The kids might not get why Mom does this stuff. In fact, I think they think it’s pretty weird that someone would squeeze into black rubber to swim in a lake in October. What I do hope they get from it, though, is that if they want to be something, in the words of the Avett Brothers in “Head Full Of Doubt, Road Full Of Promise:” “Decide what to be and go be it.”
It’s not about being the best, or smartest, or fastest. It’s about finding what interests and drives them, and not letting fear get in the way.

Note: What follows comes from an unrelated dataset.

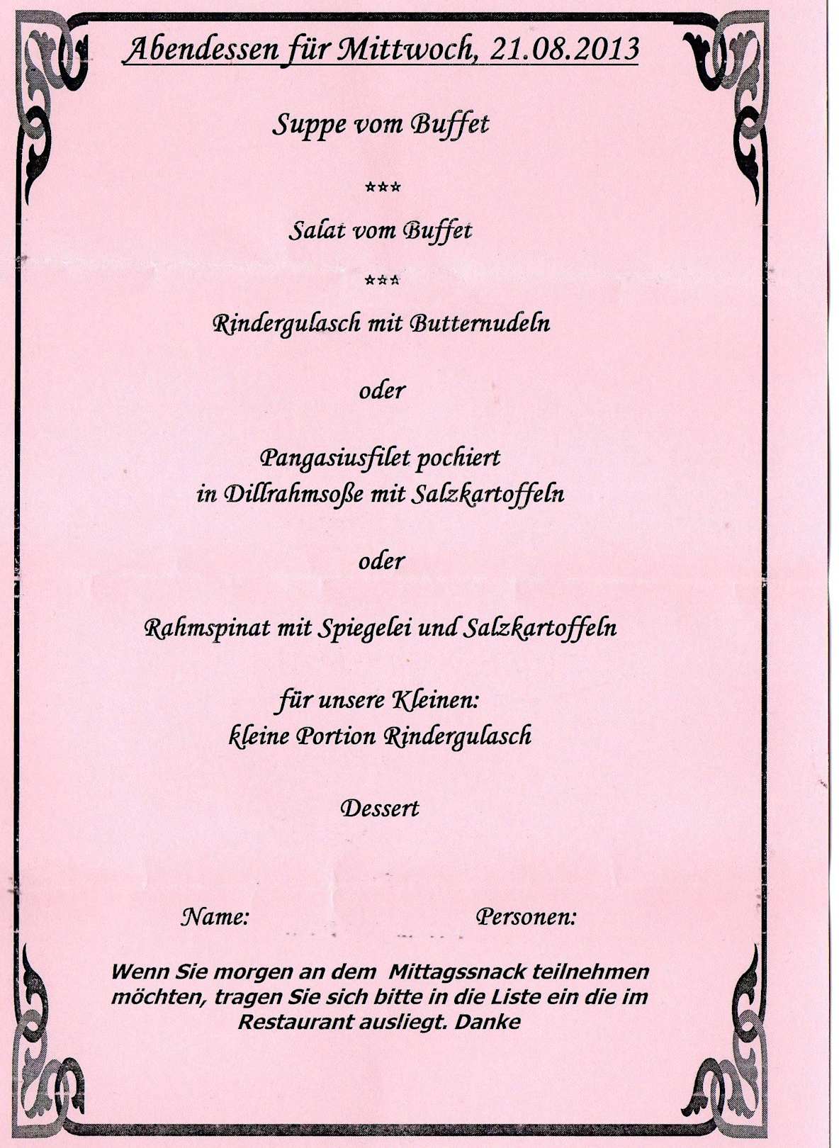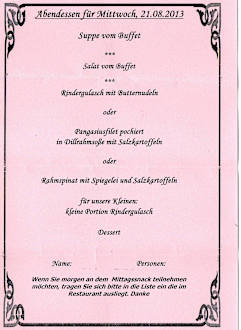 Menue Auawahl3 Hauptspeisen standen zur Auswahl.Dieser Zettel musste am Vorabend abgegeben werden. Es gab sonst am mächsten Tag kein Abendessen.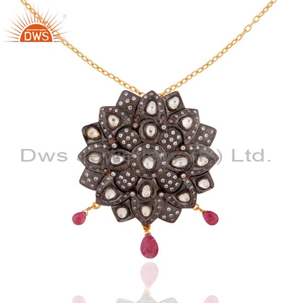 Victorian Tourmaline Gemstones 925 Sterling Silver Pendant Crystal Jewelry 17" C

Karah Levely-Rinaldi is a mother of four, a daycare provider and an ultramarathon runner (and triathlete!). Read her Mondays on FruitaMoms.com.


I don’t understand why anyone would want to do a triathlon like this, but I do understand anxiety-evoking fear of the unknown or the dark or not accomplishing what you want in life. Big congrats on overcoming your fears and being a great role model to your kids and others! Wow, you are so brave!
Oh, Karah! I loved this! It made me cry! You’re so right! Congratulations on your moment of conquering!
Thank you, ladies! I’ve never been as legitimately scared of something in a long time as I was about this triathlon, and that open water swim before the first practice. It felt good to get through it and not let the fear win out.